Building cars at BMW involves the handling of millions of parts flowing into a factory from more than 4,500 supplier sites. One factor increasing the factory logistics challenge for the BMW Group is the customizability offered by the company. With an average of 100 different options available, this translates into 99% of customer orders being unique to each customer.
“Ultimately, the sheer volume of possible configurations became a challenge to BMW Group production in three fundamental areas—computing, logistics planning, and data analysis,” said Jürgen Maidl, senior vice president of logistics for the BMW Group.
To better handle logistics within its factories, BMW now uses four types of material handling robots and a smart transport robot. These robots were developed using Nvidia’s Isaac robotics platform.
According to Nvidia, its Isaac software development kit provides these robots with neural networks capable of “addressing perception, segmentation, and human pose estimation to perceive their environment, detect objects, navigate autonomously and move objects. These robots are trained both on real and synthetic data using Nvidia graphics processing units (GPUs) to render ray-traced machine parts in a variety of lighting and occlusion conditions to augment real data.”
Hanns Huber, with BMW Group’s Communications Production Network, explained how the five different types of robots the company outfitted with Nvidia’s technology support factory logistics in production operations.
He said that, after delivery to the plant, parts are transported to the assembly line in containers of various sizes. Stationary SplitBots take full plastic boxes from the pallet in the incoming goods area and place them on a conveyor system that transports the boxes to a warehouse. The SplitBot also makes sure the containers are lined up correctly for automated storage. Using Nvidia’s artificial intelligence (AI), the SplitBot can detect and process up to 450 different containers.
Mobile PlaceBots unload tugger trains and place boxes loaded with goods on a shelf. These robots use Nvidia’s image recognition system to classify the small load carriers and determine the ideal grip point from the combined input of sensors, cameras, and artificial intelligence. These technologies allow the PlaceBots to move autonomously in a predetermined area.
Another logistics robot, the PickBot has a robotic arm that it uses to collect various small parts from supply racks. Like the SplitBots, the PickBot uses Nvidia’s AI technology to calculate the right grip point.
The robotic manipulation arm of the SortBot takes empty boxes and puts them on a palette to be sent back to the supplier area. These SortBots are deployed in series production to stack empty containers on pallets before they re-enter circulation.
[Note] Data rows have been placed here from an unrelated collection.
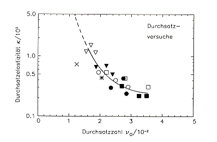 Throughput number n0 and throughput elasticity k for 1.) smooth rollers, all particle size fractions, x quartz * limestone and 2.) corrugated rollers, quartz v 0.25/1.0 o 1.6/6.3 [] 0.1/6.3 and limestone v 0.25/1.0 o 1.6/6.3 [] 0.1/6.3 |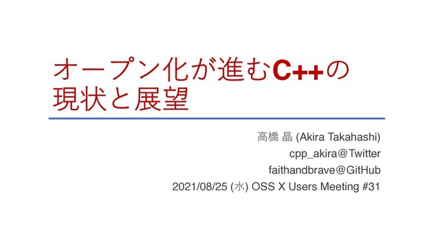 オープン化が進むC++の 現状と展望 ⾼橋 晶 (Akira Takahashi) cpp_akira@Twitter faithandbrave@GitHub 2021/08/25 (⽔)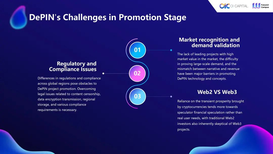 然而,重要的是要意识到DePIN项目在推广阶段面临的挑战。全球各地区的监管和合规问题可能会构成障碍。由于缺乏领先的高价值项目,市场认可度和需求验证可能难以实现。此外,对加密货币投机的依赖以及传统Web2投资者的怀疑态度也可能阻碍进展。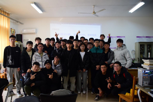 2月22日早上8点,距抢车号还差30分钟。“检查网线连接,检查设备”“各组看一下谁还没到”。8点29分,距正式开始还剩60秒,“准备计时”,“60,59,…5,4,3,2,1”在临近的时间中,每一秒都让人紧张。抢车号开始后,大家按照模拟时的分工,紧张而有条不紊的进行答题,面对波动的正确率,队员们不曾放弃。在经历了需要重答的突发状况后,队员们获得了2023赛季的08号车号。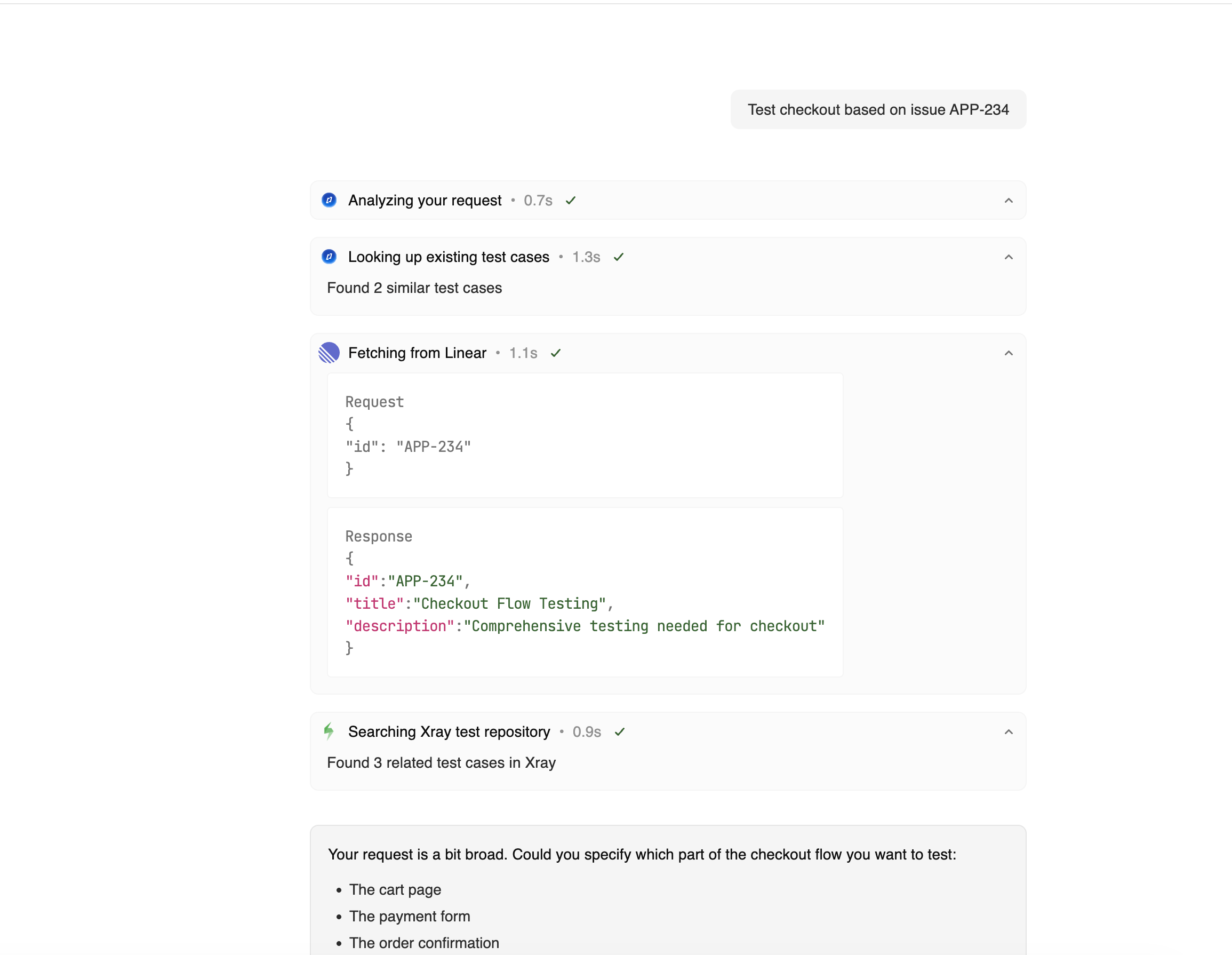 Indiquez à Thunders Copilot les tests à intégrer : par plan de test, set de tests, histoire ou épopée. Il lit les définitions des tests, comprend les étapes et les résultats attendus, et crée des cas de test Thunders avec une traçabilité complète jusqu'à Xray.

BMW’s autonomous Smart Transport Robots (STRs) can identify obstacles such as forklift trucks, as well as humans, to more accurately and quickly suggest alternative routes as needed. They can also learn from the environment and apply different responses to people and objects.
Huber noted that all of these robots have been developed by BMW in the past five years, with most being deployed and tested in BMW factories since 2019. “The robots are trialed during our development process at various BMW plants in Germany, as well as at our logistics laboratory in Munich,” he explained.
The STR was developed by BMW’s logistics innovation team together with Fraunhofer Institute Dortmund,” Huber added.
BMW’s work with Nvidia on this project began in 2019. “A BMW Group team of engineers worked on implementing the Nvidia technology with the robots,” Huber said. “The complete implementation was done in-house at BMW. Two teams from both sides—BMW Group and Nvidia—worked closely to customize and adapt a suitable solution. The first STR with Nvidia technology was deployed as a proof-of-technology in our logistics laboratory in Munich in May 2020." The first production test was expected to go live by the fourth quarter of 2020 or early 2021.
Nvidia notes that the real and synthetic data generated during the testing of these robots are used to train deep neural networks on Nvidia’s DGX AI infrastructure development systems. The robots are then continuously tested in Nvidia’s Isaac Sim simulators for navigation and manipulation development, operating on Nvidia’s Omniverse platform, where multiple BMW Group personnel in different geographies can all work in one simulated environment.
Huber said that, incorporating Nvidia’s AI technology into BMW’s robots allows BMW to “optimize our robotics and material flow, as well as take simulations in the planning process to a new level.”